Input records.

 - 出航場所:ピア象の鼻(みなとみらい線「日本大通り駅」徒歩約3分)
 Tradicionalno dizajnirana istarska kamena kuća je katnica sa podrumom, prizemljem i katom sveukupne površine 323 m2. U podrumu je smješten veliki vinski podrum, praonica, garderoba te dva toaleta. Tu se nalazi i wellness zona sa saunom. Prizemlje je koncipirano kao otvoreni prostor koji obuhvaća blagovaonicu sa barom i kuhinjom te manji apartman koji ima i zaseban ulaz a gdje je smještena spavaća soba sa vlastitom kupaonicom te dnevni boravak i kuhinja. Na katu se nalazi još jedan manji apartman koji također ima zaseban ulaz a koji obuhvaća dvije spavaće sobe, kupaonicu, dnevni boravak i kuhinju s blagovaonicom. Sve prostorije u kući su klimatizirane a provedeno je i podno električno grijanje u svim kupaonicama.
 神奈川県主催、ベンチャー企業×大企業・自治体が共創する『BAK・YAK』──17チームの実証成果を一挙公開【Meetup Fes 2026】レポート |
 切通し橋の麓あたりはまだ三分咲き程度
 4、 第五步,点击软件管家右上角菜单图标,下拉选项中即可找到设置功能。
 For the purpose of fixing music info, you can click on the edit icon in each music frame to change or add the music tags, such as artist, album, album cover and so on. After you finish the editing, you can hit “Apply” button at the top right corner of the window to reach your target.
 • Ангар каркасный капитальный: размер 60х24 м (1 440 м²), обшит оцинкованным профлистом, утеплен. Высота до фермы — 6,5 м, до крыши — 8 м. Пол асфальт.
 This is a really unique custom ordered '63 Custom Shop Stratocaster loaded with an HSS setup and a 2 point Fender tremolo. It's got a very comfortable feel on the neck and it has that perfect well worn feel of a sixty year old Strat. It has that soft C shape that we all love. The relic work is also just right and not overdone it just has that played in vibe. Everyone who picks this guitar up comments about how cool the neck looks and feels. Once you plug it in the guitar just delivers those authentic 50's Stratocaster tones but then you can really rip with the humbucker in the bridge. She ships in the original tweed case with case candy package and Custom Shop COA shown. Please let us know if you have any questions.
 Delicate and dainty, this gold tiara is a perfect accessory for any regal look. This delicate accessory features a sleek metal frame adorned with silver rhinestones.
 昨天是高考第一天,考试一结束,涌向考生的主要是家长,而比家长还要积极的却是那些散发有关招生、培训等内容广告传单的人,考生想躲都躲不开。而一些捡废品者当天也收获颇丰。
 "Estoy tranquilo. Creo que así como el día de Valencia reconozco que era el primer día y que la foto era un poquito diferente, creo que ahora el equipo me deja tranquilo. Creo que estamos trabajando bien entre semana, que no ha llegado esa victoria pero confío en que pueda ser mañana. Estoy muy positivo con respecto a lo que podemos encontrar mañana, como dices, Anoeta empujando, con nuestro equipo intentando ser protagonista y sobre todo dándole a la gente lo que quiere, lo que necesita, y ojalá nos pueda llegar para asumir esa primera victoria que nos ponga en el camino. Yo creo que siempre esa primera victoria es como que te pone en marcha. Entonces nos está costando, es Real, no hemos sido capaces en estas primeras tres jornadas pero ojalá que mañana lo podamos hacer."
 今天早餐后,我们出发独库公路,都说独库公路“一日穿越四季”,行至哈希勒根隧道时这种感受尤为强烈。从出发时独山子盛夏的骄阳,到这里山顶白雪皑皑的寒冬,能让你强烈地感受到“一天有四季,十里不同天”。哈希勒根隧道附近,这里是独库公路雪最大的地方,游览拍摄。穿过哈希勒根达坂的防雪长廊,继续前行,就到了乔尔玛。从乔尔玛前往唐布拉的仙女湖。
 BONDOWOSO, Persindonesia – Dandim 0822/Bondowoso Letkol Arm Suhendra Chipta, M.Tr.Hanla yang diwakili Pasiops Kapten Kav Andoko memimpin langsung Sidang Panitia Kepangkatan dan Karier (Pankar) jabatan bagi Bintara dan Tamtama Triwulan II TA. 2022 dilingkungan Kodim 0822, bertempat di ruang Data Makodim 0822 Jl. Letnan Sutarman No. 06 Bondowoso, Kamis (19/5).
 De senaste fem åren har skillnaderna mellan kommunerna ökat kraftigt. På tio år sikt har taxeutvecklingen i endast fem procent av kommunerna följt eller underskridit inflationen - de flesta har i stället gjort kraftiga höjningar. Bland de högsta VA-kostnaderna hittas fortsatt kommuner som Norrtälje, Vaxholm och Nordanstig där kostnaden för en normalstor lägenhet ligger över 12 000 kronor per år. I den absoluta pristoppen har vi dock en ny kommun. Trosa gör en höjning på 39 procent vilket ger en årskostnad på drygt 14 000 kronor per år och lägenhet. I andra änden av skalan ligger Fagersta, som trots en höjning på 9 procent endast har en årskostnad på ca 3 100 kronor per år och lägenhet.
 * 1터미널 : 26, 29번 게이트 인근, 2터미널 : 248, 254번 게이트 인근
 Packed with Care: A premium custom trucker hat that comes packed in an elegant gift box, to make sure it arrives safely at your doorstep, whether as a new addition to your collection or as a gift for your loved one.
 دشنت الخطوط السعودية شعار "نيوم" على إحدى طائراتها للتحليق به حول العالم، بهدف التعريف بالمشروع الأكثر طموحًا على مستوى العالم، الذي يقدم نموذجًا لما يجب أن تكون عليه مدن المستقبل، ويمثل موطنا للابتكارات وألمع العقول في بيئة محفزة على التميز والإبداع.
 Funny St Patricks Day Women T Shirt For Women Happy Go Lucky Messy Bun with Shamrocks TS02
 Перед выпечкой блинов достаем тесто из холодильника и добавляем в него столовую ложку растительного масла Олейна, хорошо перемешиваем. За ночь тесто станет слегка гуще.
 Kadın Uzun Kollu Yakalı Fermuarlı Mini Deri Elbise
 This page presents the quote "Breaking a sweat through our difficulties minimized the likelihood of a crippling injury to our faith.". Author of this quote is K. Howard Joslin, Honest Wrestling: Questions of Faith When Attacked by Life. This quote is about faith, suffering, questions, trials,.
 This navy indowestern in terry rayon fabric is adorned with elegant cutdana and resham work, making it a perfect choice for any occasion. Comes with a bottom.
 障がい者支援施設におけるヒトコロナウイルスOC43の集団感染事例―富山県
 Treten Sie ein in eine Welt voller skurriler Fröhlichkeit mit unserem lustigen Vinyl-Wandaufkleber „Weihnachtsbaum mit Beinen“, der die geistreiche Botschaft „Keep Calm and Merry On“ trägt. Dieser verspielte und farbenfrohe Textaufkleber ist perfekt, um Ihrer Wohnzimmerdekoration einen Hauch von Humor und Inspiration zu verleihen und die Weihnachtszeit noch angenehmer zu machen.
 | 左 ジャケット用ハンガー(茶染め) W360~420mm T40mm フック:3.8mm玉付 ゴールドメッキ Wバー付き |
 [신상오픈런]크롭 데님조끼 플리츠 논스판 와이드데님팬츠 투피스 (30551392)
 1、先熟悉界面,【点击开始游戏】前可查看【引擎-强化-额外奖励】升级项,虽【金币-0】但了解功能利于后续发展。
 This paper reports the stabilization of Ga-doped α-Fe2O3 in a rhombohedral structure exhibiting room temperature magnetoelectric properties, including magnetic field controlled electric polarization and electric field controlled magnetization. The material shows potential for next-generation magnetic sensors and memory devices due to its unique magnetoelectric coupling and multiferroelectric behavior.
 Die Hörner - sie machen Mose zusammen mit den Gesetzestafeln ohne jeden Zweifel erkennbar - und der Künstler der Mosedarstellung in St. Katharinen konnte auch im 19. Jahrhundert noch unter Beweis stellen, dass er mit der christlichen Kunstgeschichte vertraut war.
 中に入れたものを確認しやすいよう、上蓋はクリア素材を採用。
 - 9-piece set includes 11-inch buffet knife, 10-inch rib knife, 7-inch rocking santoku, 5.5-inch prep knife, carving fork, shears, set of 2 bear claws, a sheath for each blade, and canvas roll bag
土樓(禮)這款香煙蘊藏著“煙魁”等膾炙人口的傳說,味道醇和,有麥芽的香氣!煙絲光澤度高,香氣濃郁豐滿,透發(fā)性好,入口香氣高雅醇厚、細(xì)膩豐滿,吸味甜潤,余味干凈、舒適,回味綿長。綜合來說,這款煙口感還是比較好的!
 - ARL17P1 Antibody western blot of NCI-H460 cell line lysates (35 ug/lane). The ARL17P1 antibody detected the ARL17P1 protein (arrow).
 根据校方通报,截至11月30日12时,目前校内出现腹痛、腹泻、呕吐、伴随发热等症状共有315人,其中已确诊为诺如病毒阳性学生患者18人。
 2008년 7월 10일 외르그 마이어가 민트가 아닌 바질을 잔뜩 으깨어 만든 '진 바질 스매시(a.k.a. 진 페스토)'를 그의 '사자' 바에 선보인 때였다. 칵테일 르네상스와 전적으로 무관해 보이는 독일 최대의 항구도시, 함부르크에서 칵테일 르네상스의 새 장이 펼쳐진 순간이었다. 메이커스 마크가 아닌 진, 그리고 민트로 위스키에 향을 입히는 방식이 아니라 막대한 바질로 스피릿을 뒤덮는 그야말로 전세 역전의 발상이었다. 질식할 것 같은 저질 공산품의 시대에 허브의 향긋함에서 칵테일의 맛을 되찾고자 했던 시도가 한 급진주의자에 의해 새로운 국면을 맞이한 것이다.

What to work on. Please transcribe only the lines in the records above running from the line that has "Die Hörner - sie" through the line that has "- ARL17P1 Antibody", both included, exactly as they appear.

Completed exercise.
 Die Hörner - sie machen Mose zusammen mit den Gesetzestafeln ohne jeden Zweifel erkennbar - und der Künstler der Mosedarstellung in St. Katharinen konnte auch im 19. Jahrhundert noch unter Beweis stellen, dass er mit der christlichen Kunstgeschichte vertraut war.
 中に入れたものを確認しやすいよう、上蓋はクリア素材を採用。
 - 9-piece set includes 11-inch buffet knife, 10-inch rib knife, 7-inch rocking santoku, 5.5-inch prep knife, carving fork, shears, set of 2 bear claws, a sheath for each blade, and canvas roll bag
土樓(禮)這款香煙蘊藏著“煙魁”等膾炙人口的傳說,味道醇和,有麥芽的香氣!煙絲光澤度高,香氣濃郁豐滿,透發(fā)性好,入口香氣高雅醇厚、細(xì)膩豐滿,吸味甜潤,余味干凈、舒適,回味綿長。綜合來說,這款煙口感還是比較好的!
 - ARL17P1 Antibody western blot of NCI-H460 cell line lysates (35 ug/lane). The ARL17P1 antibody detected the ARL17P1 protein (arrow).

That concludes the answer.